Times change, and over two-thirds of Americans now believe that divorce is morally acceptable. Furthermore, although the issue still stirs considerable debate, many wives are no longer economically dependent on their husbands.

So, it is not surprising that the divorce rate among couples over fifty has doubled since 1990, even though the divorce rate among other age groups has leveled off or even gone down in the last twenty-five years. These late-in-life divorces, or “grey divorces,” often involve issues and disputes far different from the ones encountered by younger couples. What is the best way to deal with these issues?

Child Custody

People over fifty rarely have minor children, but there are still child custody issues to resolve, either outside or inside a courtroom.

According to Steven Fernandez, a Los Angeles based family law attorney at Fernandez & Karney, “Adult children do not always deal with a parental divorce very well. Whereas many young children tend to heal quickly after suffering through an emotional trauma, older people are less able to quickly bounce back.” Moreover, older children have a lifetime of family memories and, as the years roll by, many of them only recall the good things that happened.

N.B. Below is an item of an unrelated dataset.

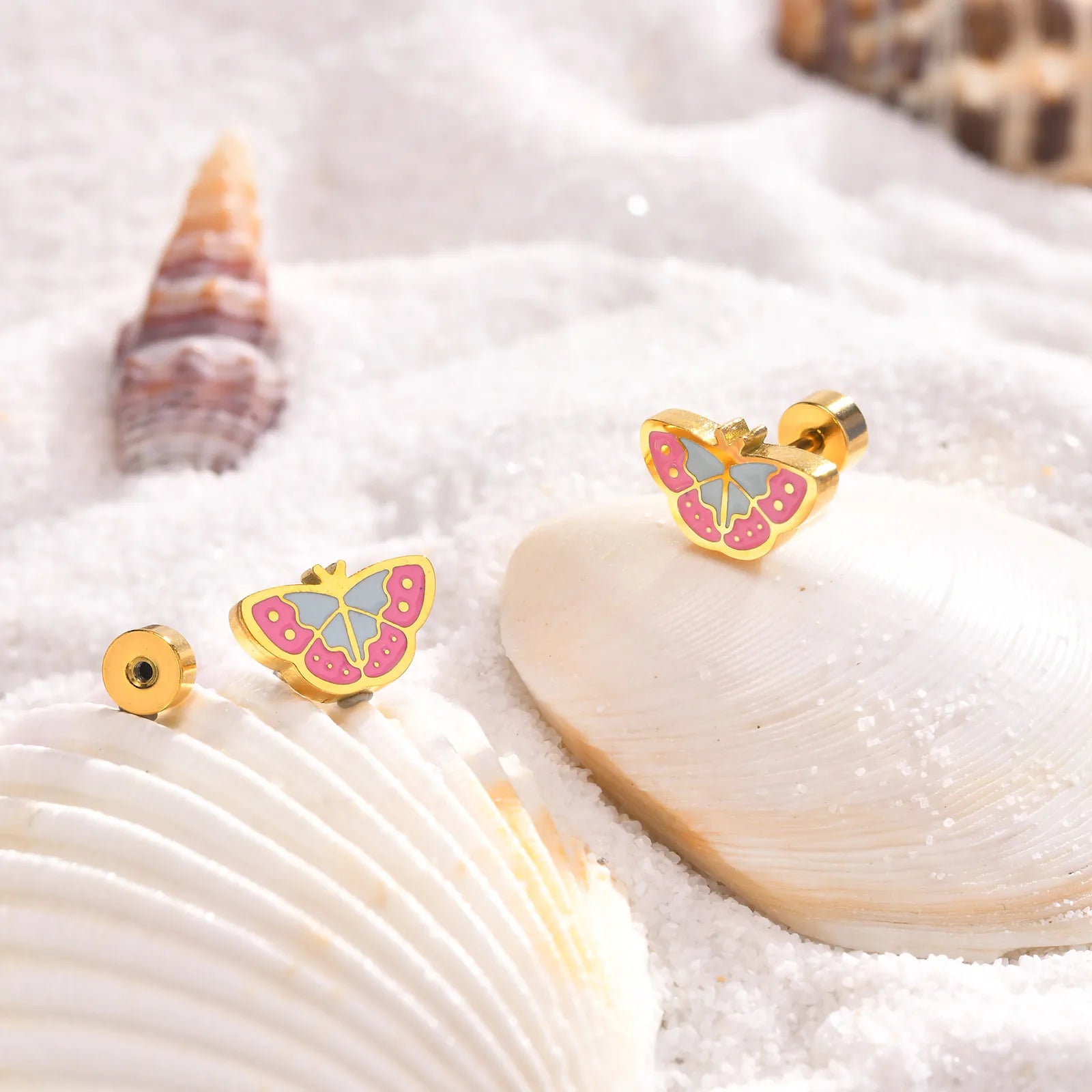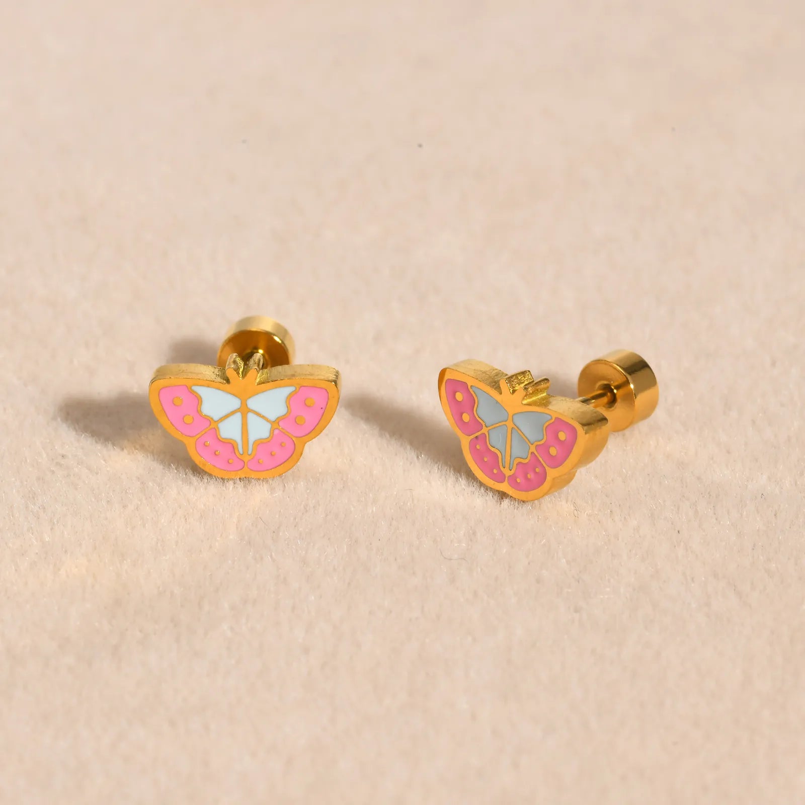 Boucles Oreilles - Papillon - Mignon - Acier Inoxydable Doré - Clous d'Oreilles

Older children are also often concerned about their inheritance and what will become of future events. For example, instead of a time of celebration, a grandchild’s college graduation becomes a chess match, because Mom cannot be in the same room with Dad.

Legally, although it is technically a separate matter, grandparent access is frequently an issue in grey divorces, because adult children sometimes express anger at their divorcing parents by withholding grandchild visitation, especially if the children “blame” one of their parents for the divorce. In these instances, there is a legal presumption in California that parents always act in their children’s best interests, and if they do not allow their children to see their grandparents they have a good reason for the denial.

To rebut this presumption, the grandparents must establish that contact is in the children’s best interests. To perform this evaluation, the judge will consider:

  • Children’s health,
  • History of domestic violence and/or substance abuse,
  • Children’s preference (if over 14), and
  • Prior nature of the relationship between grandchildren and grandparents.

That last factor is arguably the most significant one, and to assist in the determination, a judge often orders a social services investigation and appoints a guardian ad litem.

Property Division

Younger couples often have practically no home equity and small retirement accounts, and the opposite is often true with regard to older couples.

Selling a home is often not an option, for emotional and/or financial reasons. If one spouse wants to keep the home, the court may divide the equity using an owelty lien for partition. Assume Husband and Wife are divorcing, their house has $100,000 in equity, and Wife wants to keep the house. If Wife is unable to pay Husband his share of the equity, the court may give Husband a $50,000 lien on the property. So, when the house is sold, he gets his share of the equity as of the date of divorce.

As a general rule, any property acquired during the marriage is community property, and that includes funds in a retirement account. Typically, the non-owner spouse of a retirement account is entitled to half the value that accumulated during the marriage. Under federal law, the non-owner spouse can usually elect a lump sum payout, retain an interest in the existing account, or roll over the balance into a new IRA or other tax-deferred account. Different rules apply in military retirement accounts.